Under the continuum hypothesis, we readily see that that $$|{a < \aleph_1 : \textrm{a is a cardinal}}| = \aleph_0$$. What happens under the negation of CH? Is this equality still true or not? If the latter, always under the negation of CH, are there any infinite cardinals lambda for which the inequality $$|{a < \lambda : \textrm{a is a cardinal}}| = \lambda$$ fails?

Last edited: Oct 31, 2010
2. Oct 31, 2010

### micromass

First, what do you mean with $$|a<\aleph_1 : a \text{ is a cardinal}|$$. Do you simply mean the cardinality of the set $$\{a<\aleph_1 : a \text{ is a cardinal}\}$$??

In that case, it is always true that

$$\{a<\aleph_1 : a \text{ is a cardinal}\}=\mathbb{N}\cup \{\aleph_0\}$$

So wheter CH holds or not, this set is always countable.
In general we have that (by definition almost)

$$\{a<\aleph_\alpha : a \text{ is a cardinal}\}=\mathbb{N}\cup \{\aleph_\beta~\vert~\beta<\alpha\}$$.

For your second question, this is not always true. For example:

$$\{a<\aleph_2 : a \text{ is a cardinal}\}=\mathbb{N}\cup \{\aleph_0,\aleph_1\}$$.

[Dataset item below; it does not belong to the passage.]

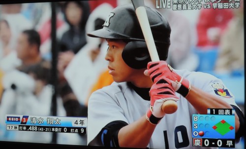 昨季「慶應・清水翔太に注目!」と記事を書きましたが、ついにこの秋、清水翔太(4年、桐蔭学園)が首位打者そしてMVPのタイトルを獲得しました。4番・岩見雅紀に注目が集まりがちでしたが、優勝した勝因はそのあとを打つ5番・清水の活躍にあったに違いありません。4番を引き立てるには、5番の役割は重要です。そうです、ボクが5番打者のしんどさに気づいたのは巨人V9の頃でした。末次、柳田、国松、黒江などONの後を打つ5番打者は本当にコロコロと変わりました。ちょっとやそっとでは5番の役目を果たせないのです。従い、清水の活躍は見事というほかありません。(写真)10月28日早慶1回戦。この直後に先制となる2点適時打を中前に放つ ~BS朝日~首位打者を獲った清水を契機に、かつての東京六大学の首位打者を調べてみました。清水の今季記録(打率.480)を超える打者は想像以上に多くいました。例えば5割超の主な打者では、昭和36春 榎本博明(慶) .517昭和47春 長崎慶-(法) .511平成8春 高橋由伸(慶) .512平成13秋 喜多隆志(慶) .535平成26秋茂木栄五郎(早) .514眺めていて慶應の選手が多いなぁと。歴代最高打率(.535)も慶應の喜多隆志。あの智辯和歌山卒でロッテに行った巧打者ですよね。そしてボクの目についた法政・長崎慶一は、昭和47年に首位打者s翌シーズンも2季連続で首位打者を獲得したことを知りました。長崎慶一さん(北陽ー法政大、のちに大洋、阪神)。ボクが思い出すのは彼の大洋時代のこと。昭和57年、田尾安志との首位打者争いは「敗退行為」と揶揄されるなどあって、とても後味の悪いものでした。長崎さんに何の責任もなかったのに。そして今から10数年前、都内のリトルシニアのチームを率いて、よく埼玉・大宮のグラウンドで指導されていた長崎さんの姿を思い出しました。(写真)法政大時代の長崎慶一さん ~『東京六大学野球80年史』(ベースボール・マガジン社)~そして長崎さんをwikipediaで調べていると、大洋時代の指導者は「青バット」の大下弘さんだったとか。大洋の同僚・山下大輔とともに大下さんから指導を受けていたそう。大下弘さん(高雄商ー明治大、のちにセネタース、西鉄など)。戦前は明治大の下級生だったため球拾いばかりで、東京六大学の公式戦に出場経験はない模様。戦後に復学した際、明大グラウンドで大飛球をポンポン打ち上げる大下に横沢三郎(戦前のセネタースで活躍した明治大の先輩)が目をつけて、大下さんを職業(プロ)野球の世界に導いた。昭和20年秋、戦後初のプロ野球「東西対抗戦」を控えて次々と元プロ選手たちが復員し練習のため大宮のグラウンドに集結する中、大下さんの長打力を見て目を丸くしたそう。「いったいあの打者は誰なんだ?」と。そして同年11月23日、神宮球場で東西対抗戦が開催され、東軍の5番打者として彗星のごとくデビューした大下さんは、後に日本の野球ファンに「ホームラン」の素晴らしさを伝える伝道師になることは、この時点で誰も気づいていませんでした。(写真)西鉄ライオンズへ移籍直後の大下弘さん ~『激動の昭和スポーツ史』(ベースボール・マガジン社)~

But this is also countable, so $$|a<\aleph_2 : a \text{ is a cardinal}|=\aleph_0$$

Where CH does come in to play, is with the set

$$|a<2^{\aleph_0} : a \text{ is a cardinal}|$$

If CH is true, then this is $$\aleph_0$$. But if CH is not true, then it can be any cardinal. E.g. it is consistent with ZFC that

$$|a<2^{\aleph_0} : a \text{ is a cardinal}|=\aleph_{666}$$

and so on if you replace 666 with any ordinal.

3. Oct 31, 2010

### CRGreathouse

I don't think you can replace it with any ordinal. What about, e.g., $$\omega_1$$? Could that really be consistent?

4. Oct 31, 2010

### micromass

But it is consistent with ZFC that $$2^{\aleph_0}=\aleph_{\omega_1}$$. See Easton's theorem...

5. Oct 31, 2010

### yossell

I believe there are some very weak limits on possible cardinalities of the continuum - I think the cofinality of the continuum is uncountable, and so, for instance, 2^aleph_0 can't be aleph_omega.

6. Oct 31, 2010

### Werg22

Many thanks micromass, you're clarified a few things for me.